Eyebrows were raised when it was announced in February that FIFA had awarded the United States’ english language broadcast rights to the 2026 World Cup to FOX.
For a start, why do it 11 years in advance? Without any formal bidding process that would surely have led to the governing body getting a higher price, especially given the possibility that the tournament might be held in the U.S.?
It didn’t take long for rumors to circulate that the secretive, uncompetitive process was a way to placate FOX for moving the 2022 Qatar World Cup to winter, when it will clash with large men wearing helmets throwing a rugby ball and giving each other concussions for three hours every Sunday. Clearly, FOX might have had a different strategy in place for buying the 2022 rights if they’d known the tournament would be taking place six months later than advertised.
FIFA general secretary Jerome Valcke as good as confirmed those rumors in February, implying it was done to avoid legal “issues regarding the decision on the time the World Cup would be played”.

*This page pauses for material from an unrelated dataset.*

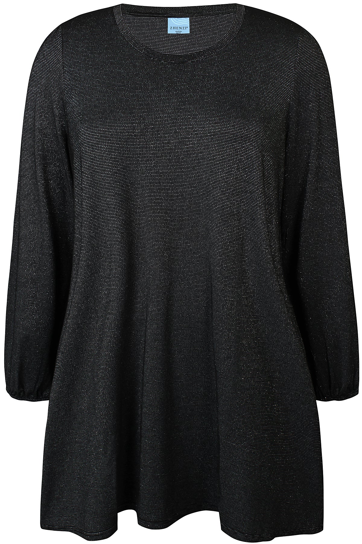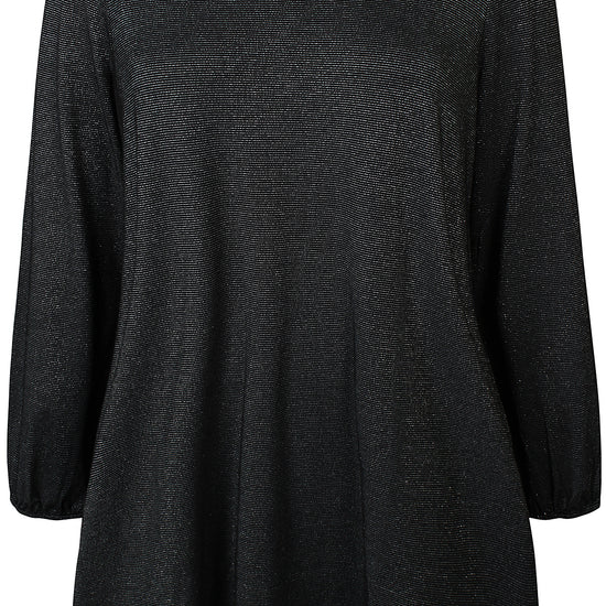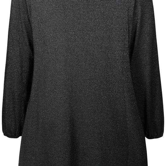 Gi garderoben din et løft med denne sorte tunika fra Zhenzi, designet for deg som ønsker både stil og komfort. Modellen har en løs og flatterende passform, rund hals og lange ermer med elastisk kant for en elegant puff-effekt. Stoffet er lett skinnende med diskret glimmer, som gir antrekket et eksklusivt preg – perfekt til både hverdag og fest.

(And making a weird love analogy to explain why FOX and FIFA did the deal: “When you are in love with a woman you spend time together and there’s one time where you say, ‘Hey, by the way, let’s extend’.” Hey, Jerome. Is that a broadcast rights extension in your pocket, or are you just happy to see me?)
Back in February, this news was the sort of thing to inspire shoulder-shrugging and comments along the lines of “FIFA gonna FIFA.” Now, though, FIFA not gonna FIFA like that any more. And so the Daily Mail reports all this might open the floodgates for litigation regarding the tournament. After all, if a broadcaster can get a form of compensation for the date change, why shouldn’t the would-be host cities?
It’s a speculative argument that has a kind of limited logic to it, though surely the losers would have a better case for redress if corruption in the voting process was revealed, rather than simply a date change that happened because of the identity of the winner.
According to the story:
“If it is confirmed that FIFA effectively bought FOX’s compliance because they felt FOX had a legal case over the 2022 switch to winter, it would increase the chances of the losing bidders for 2022 – the USA, Australia, Japan and South Korea – claiming compensation for bidding for a World Cup under what might legally be claimed were FIFA’s false pretences that it would be a summer tournament.”
Perhaps the other countries could argue that they would not have gone to the effort and expense of bidding for 2022 if they had realized it would be in the winter – but had a country other than Qatar won, it wouldn’t have been.
The main usefulness of the story is to underline that anything to do with money, FIFA and the World Cup — any World Cup — is going to come under even more intense scrutiny. There now seems to be a credible basis for believing that contentious decisions could be challenged and successfully reversed.